While I don't do market timing (though I do pay attention to trends), this phenomenon is nevertheless worrying...


http://finance.yahoo.com/news/wild-trading-exposed-flaws-etfs-031400489.html


Wild Trading Exposed Flaws in ETFs


The extreme stock-market gyrations in August exposed cracks that many critics had warned about in the booming business of exchange-traded funds—cracks that fund managers such as BlackRock Inc. are now acknowledging as they work to figure out what went wrong.


At issue is one of Wall Street's most popular products ever. Investors have poured hundreds of billions of dollars into ETFs over the past decade, drawn by low fees and the prospect of being able to buy or sell a mutual-fund-like product whenever they want like a stock. But trading records and conversations with investors show ETFs couldn't keep that promise when the Dow Jones Industrial Average dropped more than 1,000 points in the first minutes of trading on Aug. 24.


Steep share-price declines that Monday triggered a slew of trading halts that started in individual stocks and cascaded into ETFs. Dozens of ETFs traded at sharp discounts to the sum of their holdings, worsening losses for many fundholders who sold during the panic.

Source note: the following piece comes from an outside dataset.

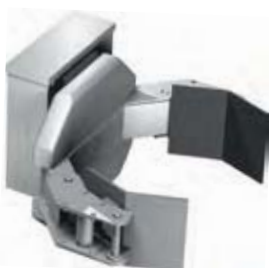
KLEMME OG VENDEAGGREGAT Tønder gasflasker og andre cylindriske emner Kan vende dem op og ned

The strange moves highlighted concerns raised by academics and others over the years that ETFs might not be as easy to move in and out of as advertised in times of stress.


Photo by Andrew Burton/Getty Images BlackRock offices


One fund hit by the dislocations was BlackRock's iShares Select Dividend ETF, which trades under the ticker DVY and holds shares of U.S. companies that consistently pay dividends. Its largest holdings include Lockheed Martin Corp., Kimberly-Clark Corp. and McDonald's Corp.


At 9:42 a.m. in New York on Aug. 24, the ETF tumbled 35% to $48, its lowest level of the day. At the time, the combined weighted values of the stocks the ETF held was $72.42, down just 2.7% for the day, according to FactSet.


"It's clear this thing has creaks in it that we did not realize" before the morning of Aug. 24, said Mark Wiedman, global head of iShares, which is owned by BlackRock. "It was a wild anomaly but one we must study immediately."


For investors of all sizes, the problems set off alarms that a core component of their portfolios might not always function as expected.


The disruptions could also slow the growth of what has been one of Wall Street's greatest success stories in recent years. A spokeswoman for BlackRock, one of the world's largest ETF providers through its iShares business, said the firm generated $3.26 billion in ETF-related revenue last year, 29% of the company's total. Other major ETF providers include State Street Global Advisors and Vanguard Group.


Assets in ETFs in the U.S. have grown to roughly $2 trillion from $305 billion a decade ago, according to research and consultancy firm ETFGI LLP. In July, U.S. exchange-traded products, a group that includes ETFs, represented just over a quarter of total stock-trading volume, according to NYSE Group. That compares with 14.9% a decade ago.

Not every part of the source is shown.